This week, JAMA Internal Medicine published interesting original research by Dr. David Grande et al entitled “Public Preferences About Secondary Use of Electronic Health Information” (subscription required). The researchers used conjoint analysis to determine the patients’ preferences in regards to sharing personal health information in several different scenarios. The scenarios elicited preferences pertaining to sharing of data with/without genetic information (about their risk for cancer) with one of three entities (a university hospital, commercial entities, or public health), and for one of three purposes (research, quality improvement, or commercial marketing).
Interestingly, among the 3,300+ adults that did the survey, the purpose that garnered the most support was research; quality improvement was second. The authors were somewhat surprised that respondents supported research over quality improvement because QI is more likely to generate immediate benefits for individuals than research. Respondents also indicated that while they care about the user, they care about the use of the data more — but don’t particularly care about the sensitivity of the data shared (at least given the scenario presented).
The authors drew two additional conclusions:
- Racial and ethnic minorities were no less supportive than white participants of sharing health information.
- Individuals with distrust of the health system, no usual source of care, and those who had experienced cost barriers to care were less supportive of secondary use of their health information.
The authors suggest that this research should help inform debates about the secondary use of health information given that, in some cases, identifiable data used with permission might be more valuable and informative than deidentified data. They also conclude that:
Our findings also suggest that organizations and institutions within the healthcare delivery system are the most trusted stewards of health information and should play an instrumental role in efforts to extend the uses of population-level health information.

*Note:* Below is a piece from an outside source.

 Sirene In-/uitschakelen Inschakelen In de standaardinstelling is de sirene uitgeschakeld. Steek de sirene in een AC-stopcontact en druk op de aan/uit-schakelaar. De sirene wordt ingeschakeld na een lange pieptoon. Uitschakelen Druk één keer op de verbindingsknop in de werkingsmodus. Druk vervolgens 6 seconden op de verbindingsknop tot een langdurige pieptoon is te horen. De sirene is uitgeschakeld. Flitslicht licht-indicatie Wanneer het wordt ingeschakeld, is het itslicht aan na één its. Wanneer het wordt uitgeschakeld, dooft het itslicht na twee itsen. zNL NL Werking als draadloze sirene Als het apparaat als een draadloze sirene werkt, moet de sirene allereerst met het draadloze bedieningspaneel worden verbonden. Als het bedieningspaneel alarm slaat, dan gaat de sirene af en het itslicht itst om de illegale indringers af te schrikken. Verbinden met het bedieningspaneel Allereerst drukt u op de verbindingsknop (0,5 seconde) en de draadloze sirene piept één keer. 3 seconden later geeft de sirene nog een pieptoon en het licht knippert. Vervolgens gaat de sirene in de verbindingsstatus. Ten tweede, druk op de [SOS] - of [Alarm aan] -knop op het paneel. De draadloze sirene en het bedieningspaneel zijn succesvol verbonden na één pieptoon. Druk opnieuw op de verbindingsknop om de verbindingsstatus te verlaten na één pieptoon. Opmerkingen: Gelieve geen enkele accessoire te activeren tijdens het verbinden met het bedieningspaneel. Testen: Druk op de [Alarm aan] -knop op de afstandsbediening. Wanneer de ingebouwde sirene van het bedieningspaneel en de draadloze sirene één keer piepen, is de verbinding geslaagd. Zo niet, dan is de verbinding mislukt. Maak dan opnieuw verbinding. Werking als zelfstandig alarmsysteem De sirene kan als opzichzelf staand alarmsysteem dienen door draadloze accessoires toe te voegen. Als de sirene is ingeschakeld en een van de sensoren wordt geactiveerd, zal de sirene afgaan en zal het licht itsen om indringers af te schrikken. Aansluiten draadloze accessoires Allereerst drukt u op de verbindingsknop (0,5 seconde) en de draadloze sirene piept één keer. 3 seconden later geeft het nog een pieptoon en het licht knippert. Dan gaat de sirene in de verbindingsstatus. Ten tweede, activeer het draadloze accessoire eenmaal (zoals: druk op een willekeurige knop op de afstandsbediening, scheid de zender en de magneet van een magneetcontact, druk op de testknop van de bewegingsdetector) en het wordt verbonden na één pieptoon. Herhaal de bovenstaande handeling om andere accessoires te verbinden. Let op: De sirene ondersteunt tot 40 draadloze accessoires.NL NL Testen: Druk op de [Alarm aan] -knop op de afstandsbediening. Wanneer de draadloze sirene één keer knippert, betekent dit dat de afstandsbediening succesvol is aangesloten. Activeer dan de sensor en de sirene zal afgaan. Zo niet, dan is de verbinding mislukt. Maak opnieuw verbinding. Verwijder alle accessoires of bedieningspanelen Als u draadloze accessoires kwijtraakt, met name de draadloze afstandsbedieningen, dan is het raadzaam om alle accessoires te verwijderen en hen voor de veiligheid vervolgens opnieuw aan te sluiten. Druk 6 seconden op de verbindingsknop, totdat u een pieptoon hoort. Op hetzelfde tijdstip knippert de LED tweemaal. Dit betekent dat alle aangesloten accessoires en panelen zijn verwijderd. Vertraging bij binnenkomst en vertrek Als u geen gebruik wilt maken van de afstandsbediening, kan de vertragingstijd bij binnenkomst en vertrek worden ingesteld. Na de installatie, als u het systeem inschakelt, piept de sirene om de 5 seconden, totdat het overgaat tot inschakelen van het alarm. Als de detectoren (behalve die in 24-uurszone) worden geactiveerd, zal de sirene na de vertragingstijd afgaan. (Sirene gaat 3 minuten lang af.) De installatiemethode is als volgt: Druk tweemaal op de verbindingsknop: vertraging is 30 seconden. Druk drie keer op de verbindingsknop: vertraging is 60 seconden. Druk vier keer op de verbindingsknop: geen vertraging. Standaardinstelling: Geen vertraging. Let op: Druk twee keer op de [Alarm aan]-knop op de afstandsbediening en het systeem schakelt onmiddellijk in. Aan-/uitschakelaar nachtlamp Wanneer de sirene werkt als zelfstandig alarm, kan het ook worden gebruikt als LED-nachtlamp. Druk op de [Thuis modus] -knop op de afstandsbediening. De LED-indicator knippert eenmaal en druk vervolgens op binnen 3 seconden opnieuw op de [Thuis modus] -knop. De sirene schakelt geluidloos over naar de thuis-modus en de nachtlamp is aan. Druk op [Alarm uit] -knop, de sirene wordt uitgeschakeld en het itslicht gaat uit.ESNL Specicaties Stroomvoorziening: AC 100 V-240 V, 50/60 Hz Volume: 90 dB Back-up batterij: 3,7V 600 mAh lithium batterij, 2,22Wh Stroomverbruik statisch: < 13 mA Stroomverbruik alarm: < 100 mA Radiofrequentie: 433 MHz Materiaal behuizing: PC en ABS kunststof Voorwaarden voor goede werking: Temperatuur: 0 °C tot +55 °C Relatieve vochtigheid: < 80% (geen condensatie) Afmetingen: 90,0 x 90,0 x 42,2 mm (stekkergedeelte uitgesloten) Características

The American College of Physicians published a policy paper in 2011 entitled, “Health Information Technology & Privacy.” The following are some of the key statements from that position paper relevant to these issues:
- Privacy policies should accommodate patient preference/choice as long as those preferences/choices do not negatively impact clinical care, public health, or safety.
- ACP believes that under a revised privacy rule, permitted activities not requiring consent should include well-defined socially valuable activities involving public health reporting, population health management, quality measurement, education, and certain types of clinical research. Further, ACP supports the following principles on the use of Protected Health Information (PHI) and Individually Identifiable Health Information (IIHI):
- The sale of any IIHI without the patient’s permission should be expressly prohibited.
- Whenever possible and appropriate, de-identified, anonymized, or pseudonomized data should be used. The method used to remove identifiers should be publically disclosed.
- IIHI should only be supplied in cases where such information is necessary for proper performance of a specific function. For example, if the goal is to count incidence of a disease or count the number of patients receiving an intervention, there is no need to include IIHI. Determination of the need for identifiable information should be made by appropriate publicly accountable decision-making bodies (e.g., Department of Health and Human Services, regional or local Institutional Review Boards [IRBs]).
- Regarding research, a revised privacy rule should maximize appropriate uses of information to achieve scientific advances without compromising ethical obligations to protect individual welfare and privacy.
The findings of this study lend some credibility to the anecdotal observations that people are surprisingly willing to share personal information on social networks — including personal medical information — presumably because they perceive value from doing so. As health systems aggregate larger and larger data sets, national registries grow (see NEJM article on The Randomized Registry Trial), broader discussions about the secondary use of personal health information, and education of the public could accelerate the opportunities for novel research studies and quality improvement efforts.